Et même si la censure obligea les éditeurs des rééditions papier de la série à recouvrir dans certaines vignettes les seins et le sexe de la belle d’un léger bikini, rien ne serait désormais plus comme avant dans les bandes dessinées destinées au grand public.

Il y a cependant de fortes chances que le fossé entre la sage petite Line des années 1950 et cette Barbarella débridée soit quand même trop grand pour que « les jeunes filles chics », lectrices de BD, même si elles avaient bien grandi depuis, puissent le franchir et s’identifier totalement et sans hésitation à cette nouvelle image de femme.
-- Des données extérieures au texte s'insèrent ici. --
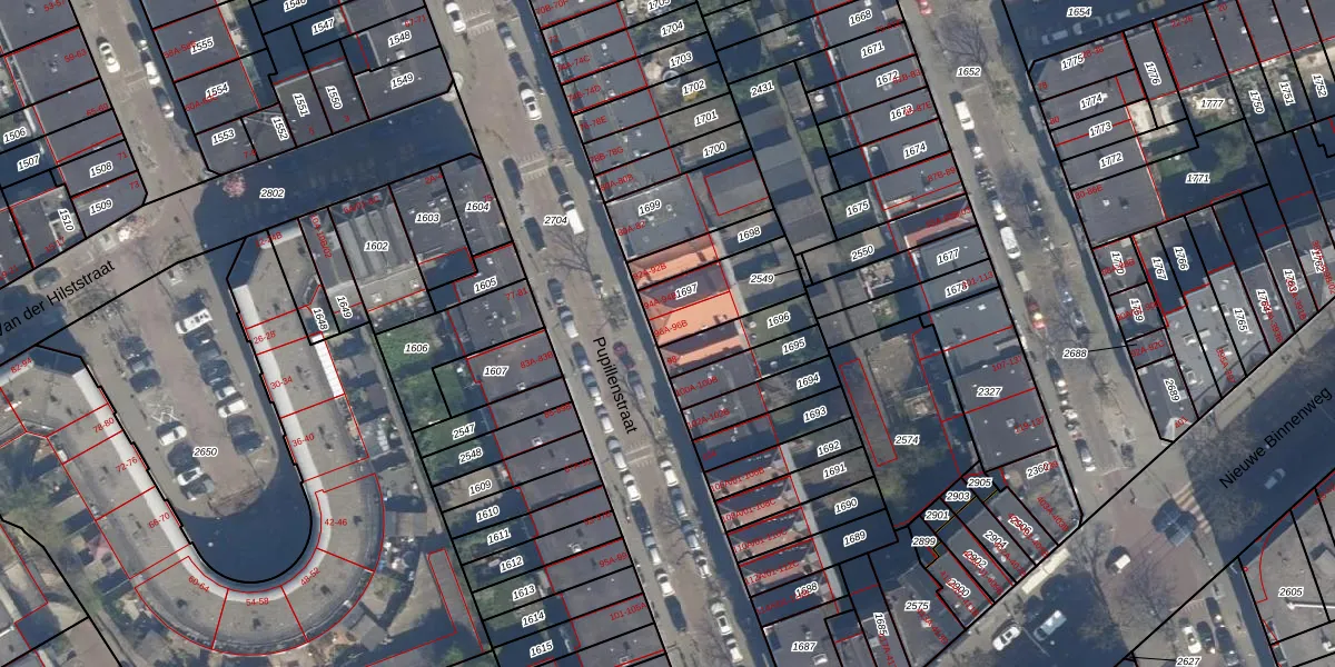 Pupillenstraat 96-B is gelegen op kadastraal perceel DHV00F1697. Deze kadastrale aanduiding is uniek en wordt gebruikt door het Kadaster om eigendomsrechten en andere zakelijke rechten vast te leggen. Het perceel maakt onderdeel uit van de kadastrale gemeente Delfshaven.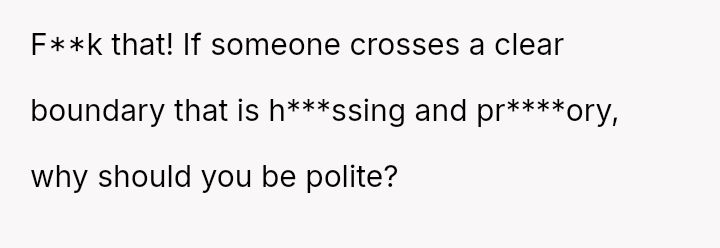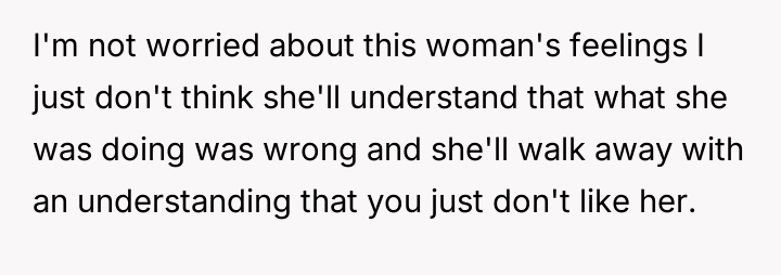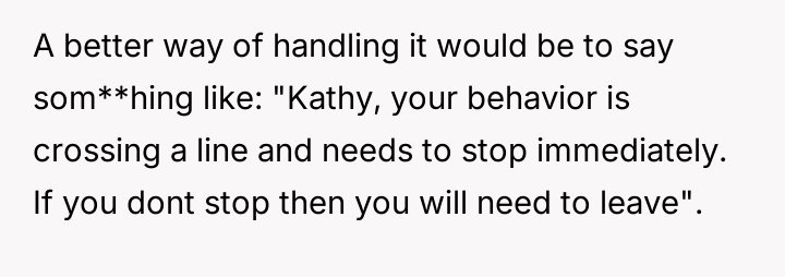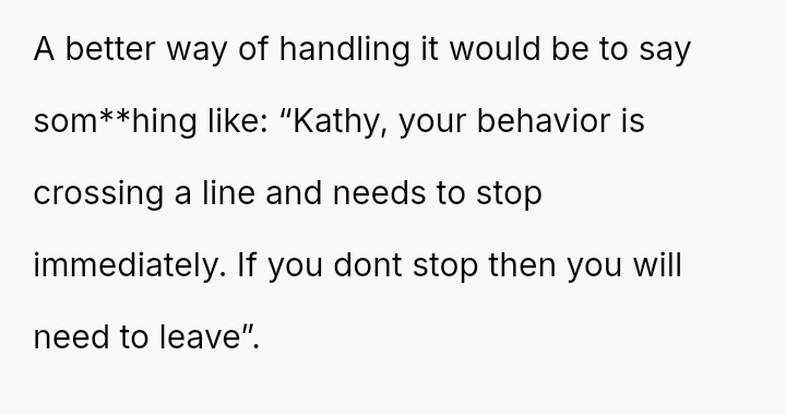 The central tension lies between the OP's belief that direct, harsh confrontation was necessary to stop the boundary v***ation and his wife's view that his aggressive personal insult escalated the situation unnecessarily.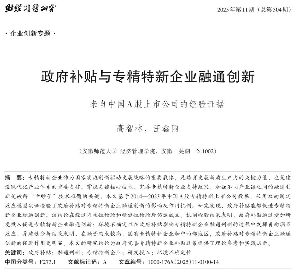 近日,经济管理学院2024级工商管理学硕士研究生汪鑫雨与导师高智林副教授合作,在财经类权威期刊《财经问题研究》2025年第11期发表题为“政府补贴与专精特新企业融通创新——来自中国A股上市公司的经验证据”的学术论文。论文以安徽师范大学经济管理学院为唯一署名单位,标志着学院学术型硕士研究生培养质量再上新台阶,也是学院近年来实施“振兴行动计划”科研育人取得的又一标志性成果。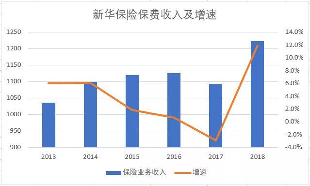 这三年保费收入增长率分别为1.8%、0.6%和-2.9%,公司短期内业务规模缩小也导致了市场份额逐步下降,2017年的市场份额跌至4.2%。不过在摆脱趸交业务的包袱后,新华保险2018年保费收入出现了大幅度增长,从2017年的1092.94亿升至1222.86亿,增长率达到11.89%,保费收入增速在经历转型阵痛后迎来了反弹。

En 1966, c’est Guy Peellaert qui créait une autre héroïne libérée : Jodelle. Elle n’eut certainement pas le réputation de sa consœur. Son auteur participait néanmoins au changement de mentalité qui traversait alors la société, même si sa démarche restait plus discrète en raison de ses choix. Tout d’abord parce que Jodelle n’eut pas droit à une série l’installant dans le temps, mais surtout parce que son dessinateur avait choisi de faire entrer dans la BD le style artistique en vogue à l’époque : le Pop Art. Et plus d’un habitué des cases à la ligne claire a du être dérouté par ces couleurs criardes et ces décors stylisés. D’autre part, ce genre artistique n’ait pas vécu très longtemps.

Mais les mentalités avaient définitivement changé et les séries nouvelles ne pouvaient plus se limiter à un monde entièrement masculin. Le héros moderne devait compter sur sa (ou ses) partenaire(s) féminine(s) – de plus en plus séduisantes, soit dit en passant – pour se sortir de tous les mauvais pas dans lesquels il se précipitait immanquablement, suspense oblige. Il suffit de relire les aventures de « Corto Maltese » dessinées par Hugo Pratt, venu d'Italie (1967), « Olivier Rameau » par Greg et Dany (1968), de « Rahan » par Lecureux et Chéret (1969), ou encore « Valérian » par Christin et Mézière (1970). Leurs jolies partenaires comme Colombe ou Laurelineavaient pris la place de Fantasio et du Capitaine Haddock, pour le plus grand plaisir des lecteurs qui avaient grandis. Certaines d’entre elles, comme les deux citées, en arriveront à prendre pratiquement le premier rôle dans la série. Et même des séries plus anciennes, jusque là entièrement masculines, ont ouvert leurs cases et leurs bulles à une présence féminine, comme ce fut le cas dans « Lucky Luke » par Morris avec Ma Dalton ou Calamity Jane, ou encore avec l’apparition « magique » de la Schtroumpfette en 1967 dans la série de Peyo.

Toutefois, à aucun moment à cette époque de transition et de changement, il ne sera encore question de relation amoureuse. Il faudra attendre encore plusieurs années pour que Colombe et Olivier Rameau, ou Laureline et Valérian ne soient présentés comme plus que partenaires professionnels. Quant à la Schtroumpfette, elle vivra toujours seule dans ce monde de petits hommes bleus dont elle a quand même chamboulé l’existence. Mais il ne faut pas oublier qu’au départ elle n’est qu’une créature créée de toute pièce par leur ennemi mortel, Gargamel, dans le but de les détruire. D’ici à y voir une créature du Diable qui sème la zizanie, il n’y a que l’épaisseur d’une feuille de salsepareille. Pas mieux que l’image d’Eve dans la Bible en ce qui concerne le rôle des femmes ! Et même lorsque la série verra l’apparition d’un bébé Schtroumpf (en 1984), toujours pas la plus petite trace de réalisme amoureux. La Schtroumpfette n’y est pour rien dans cette naissance. C’est encore une création de Gargamel et apportée par … des cigognes ! Plus que jamais, les cours d’éducation sexuelle à l’école étaient une nécessité urgente puisque la BD n’assumait toujours pas ce rôle.

Il faudra attendre encore quelques années avant que ces héroïnes n’embrassent amoureusement leur partenaire, voire plus si affinité.